Auto da Barca do Inferno Uma análise . rsn 2007/08
O  Auto da Barca do Inferno  é considerado uma moralidade, ou seja, uma representação simbólica onde as personagens encarnam vícios ou virtudes com o objectivo de moralizar a sociedade.
Estrutura externa   – esta peça tem apenas um acto, uma vez que não há qualquer mudança de cenário. E, apesar de Gil Vicente não usar a divisão em cenas, nós podemos fazer corresponder a cada entrada das personagens uma cena. Assim, o texto consta de onze cenas.

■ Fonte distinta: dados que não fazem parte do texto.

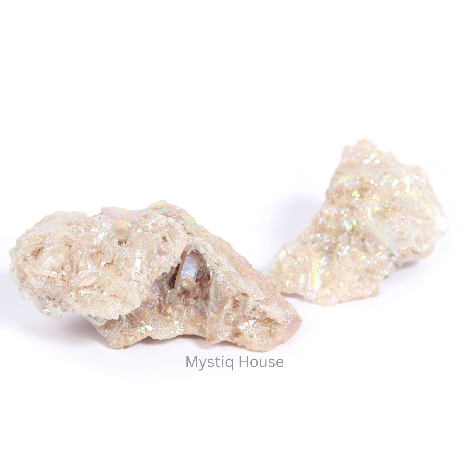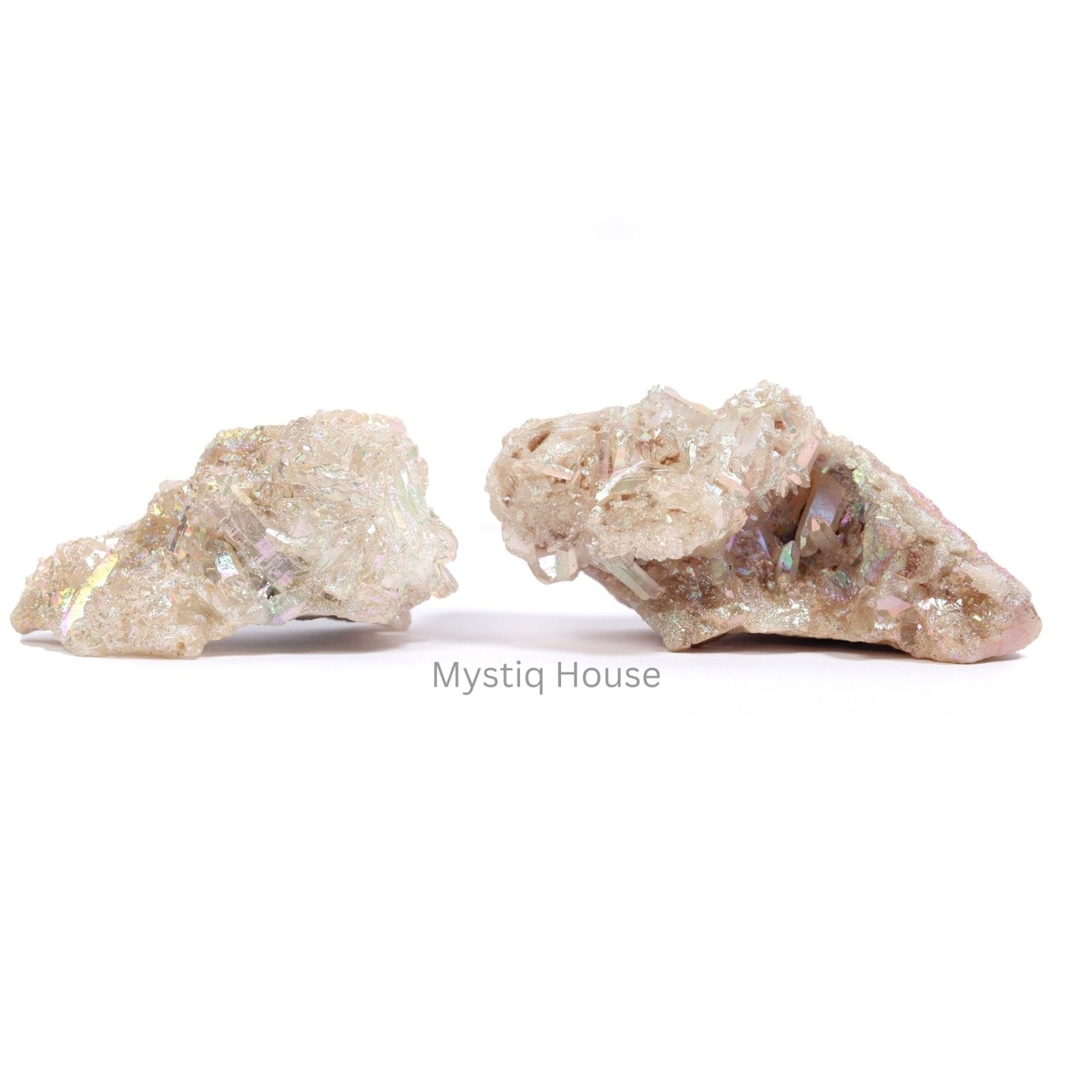 9.Experience celestial energy with this iridescent Angel Aura Quartz Cluster, shimmering with ethereal rainbow light to elevate your spiritual practice. This high-vibration stone cleanses auras and enhances divine connection. A breathtaking centerpiece for crystal grids or sacred spaces that inspires wonder.

Estrutura interna   – Sendo o texto composto de pequenas acções, tendo cada uma delas uma forma muito semelhante (  breve apresentação de cada personagem ,  argumentação com o Diabo e Anjo  e  embarque numa das barcas ) e não havendo qualquer ligação entre as várias sequências, não podemos afirmar que haja um enredo.
O percurso que cada personagem faz é muito semelhante: chegam ao cais, dialogam com o Diabo, vão à barca da Glória, falam com o Anjo e retornam à barca do Inferno, aonde quase todas embarcam. A presença do Parvo no cais e a sua intervenção impede que a peça se torne monótona.
Breve resumo de cada cena 1ª cena   – Diabo e Companheiro preparam-se euforicamente para a chegada dos novos passageiros. 2ª cena   – A primeira personagem é o Fidalgo que julga ir para o Paraíso por pertencer à nobreza. Acaba por entrar, pelos seus pecados, na barca do Inferno.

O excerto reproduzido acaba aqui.